WHERE Orders.cust_id = Customers.cust_id

Separate table and column names with a period, this syntax must be used when there is a possibility of confusing column names. In this example, there are two cust_id columns: one in Customers and one in Orders. Without fully qualifying the column names, the DBMS would think that the cust_id in the Orders table was being compared against itself. because

SELECT COUNT(*) FROM Orders WHERE cust_id = cust_id

always returns the total number of orders in the Orders table, which is not what we want:

SELECT cust_name,
    cust_state,
    (SELECT COUNT(*)
    FROM Orders
    WHERE cust_id = cust_id) AS orders
FROM Customers
ORDER BY cust_name;

Although subqueries are extremely useful in constructing such SELECT statements, care must be taken to limit ambiguous columns.
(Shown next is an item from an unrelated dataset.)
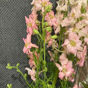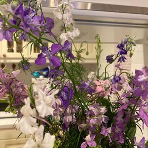 スターチスとヒエンソウ(ラークスパー) ? ヒエンソウが可愛くて見ていたら、もう弱っているみたいでお花屋さんにもらった 2-3日で枯れてしまうみたい ピンとたっていて綺麗 弱ってるように見えない、不思議 スターチス?と一緒に飾る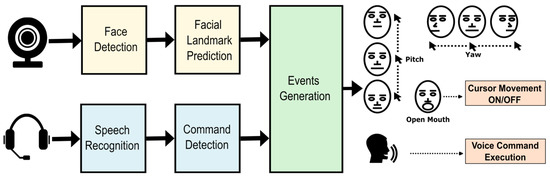 Figure 2 summarises how the interface works. First, in the face recognition module, video signals are captured and then a face detector and a face landmark predictor algorithm are applied. The emulator detects the user’s open mouth to generate an on/off control for cursor movement. Pitch and yaw head movements allow the user to move the cursor up, down, right and left. Second, in parallel with the face recognition module, voice signals are processed for speech-to-text conversion, which is compared with a list of commands. If there is a match between what the user has said and the list of commands, the appropriate action is performed.

You can also use the form of table aliases to distinguish fields, for example, alias a for table 1 and alias b for table 2, and use a.field = b.field to distinguish field names.
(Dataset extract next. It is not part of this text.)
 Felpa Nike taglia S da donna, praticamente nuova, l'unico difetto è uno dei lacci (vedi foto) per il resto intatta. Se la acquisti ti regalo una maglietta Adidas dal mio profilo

Note: fully qualified column names

You've already seen why you should use fully qualified column names and return false results if you don't specify them, because the DBMS will misinterpret what you mean. Sometimes, the DBMS throws an error message due to ambiguity caused by conflicting column names. For example, a column name specified by a WHERE or ORDER BY clause may appear in more than one table. It is good practice to use fully qualified column names to avoid ambiguity if operating on multiple tables in a SELECT statement.

Hint: more than one solution

As mentioned earlier in this lesson, while the sample code presented here works well, it is not the most efficient way to solve this kind of data retrieval. We'll come across this example again when we study JOINs in the next two lessons.